I'm not a fan of all women shortlists but there is a huge amount of discrimination against women in politics. Parliamentary candidates are vetted, trained and approved by the parties nationally. These processes are relatively fair to people from any background.

The problem comes when you get to the selection for an individual seat. Then the local party members get to choose who they want to represent them. Despite many efforts from all parties a huge number of these people still see a future MP as a white be-suited man in his mid-thirties to mid-forties, married with a lovely wife and preferably some children. They seem to have this view in their head and anybody who doesn't fit this model is starting with a disadvantage.

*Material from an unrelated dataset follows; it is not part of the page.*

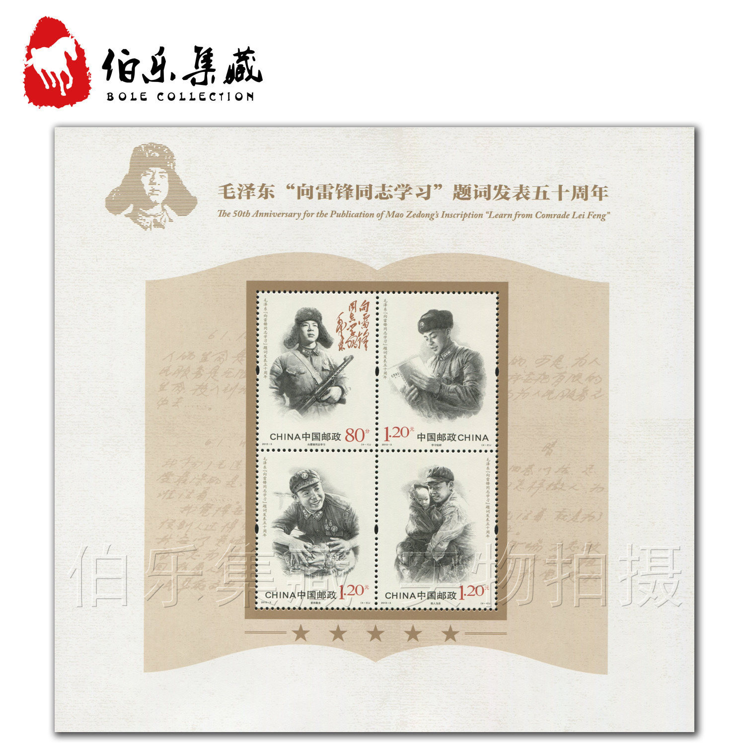 China Post планируется выпустить 5 марта 2013 года "Mao Zedong“Учиться у товарища Лей Фэн”50 -летие надписи «памятные марки 4 набора из 4 комплектов марок.Детали следующие:

I've talked to many women involved in selection processes over the years. They get a hard time for having children (should be looking after them) or for not having children (hard career woman, not natural). They get a hard time for being married (your poor husband) or not being married (a bit odd). They get told they are too young to have enough experience if they stand before they have babies or too old if they wait until they are older. They get upbraided for wearing clothes that are too bright or too sombre. I had one friend who was told both in one selection campaign.

I could go on and on.

scottishmummy · 13/06/2009 17:07

perhaps remove the selection panel,widen the criteria.

perhaps all party members able to vote upion candidates
perhaps local constituency residents vote for candidates irrespective of party membership

ThingOne · 13/06/2009 17:15

The parties have, in general, managed to beat the selection panels around the head about being fair, but they cannot change every local member. The local selection panels tend to sift through all applicants and decide which few to put forward for a vote amongst party/TU members.

The Tories have tried imposing candidates, and have tried "primaries" where any local resident could vote but these moves have not been hugely successful. The Labour party has imposed candidates and it's always unpopular.

I don't know what the answer is. I worked on this for years before children and thought I had some answers. But I'm royally fucked off about it all now.